La potabilité de l'eau adoucie
L'adoucissement sur résines échangeuses d'ions fait partie des procédés reconnus par le Ministère de la Santé pour le traitement des eaux destinées à la consommation humaine.
Ainsi, dans certaines agglomérations, l'eau très dure subit un adoucissement partiel sur résines avant d'être distribuée dans le réseau public.

Par échange ionique, la composition de l'eau est modifiée. Elle échange son calcium et son magnésium contre du sodium. La référence de qualité retenue par la réglementation est de 200 milligrammes par litre de sodium. En prenant l'exemple d'une eau dure dont le TH(*1) initial est de 30°f (comme Annecy, La Rochelle, Mâcon, Montpellier ou Strasbourg), l'adoucissement à 8°f n'introduit que 100 milligrammes de sodium par litre.
L'alimentation normale d'un adulte lui apporte 6000 milligrammes de sel par jour; un régime "sans sel", entre 1000 et 2000 milligrammes. À la lumière de cet exemple, comme en règle générale, on voit que l'apport en sodium des aliments est d'environ 98% contre 2% d'apport résiduel dû à l'adoucissement (*2).

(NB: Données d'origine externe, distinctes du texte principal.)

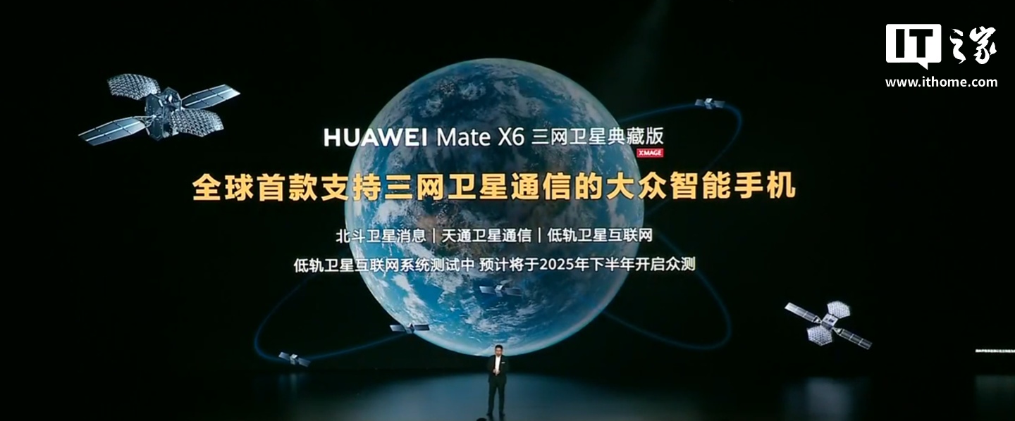 IT之家从发布会获悉,华为 Mate X6 三网卫星典藏版除了北斗卫星消息、天通卫星通信,还将支持低轨卫星互联网。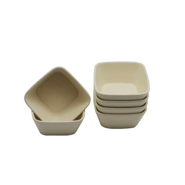 Eco-friendly 4″ Square (200 ml) bamboo fibre bowls, packaged as a set of 6.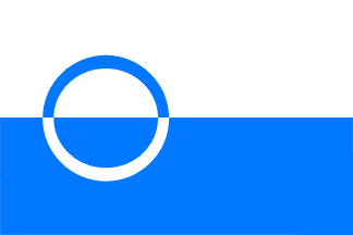 "Two equally wide horizontal stripes of white and blue, with a countercharged

À titre informatif, notons que l'eau de Badoit contient 150mg de sodium par litre et que celle de Vichy Saint-Yorre affiche un taux record de 1700 mg/l, ce qui n'interdit pas sa commercialisation.

Le TH de l'eau adoucie doit être vérifié comme le suggère la prescription du Code de Déontologie de la Chambre Professionnelle, à savoir une visite d'entretien par un technicien spécialisé, annuellement pour les équipements domestiques, semestriellement pour les équipements collectifs et industriels.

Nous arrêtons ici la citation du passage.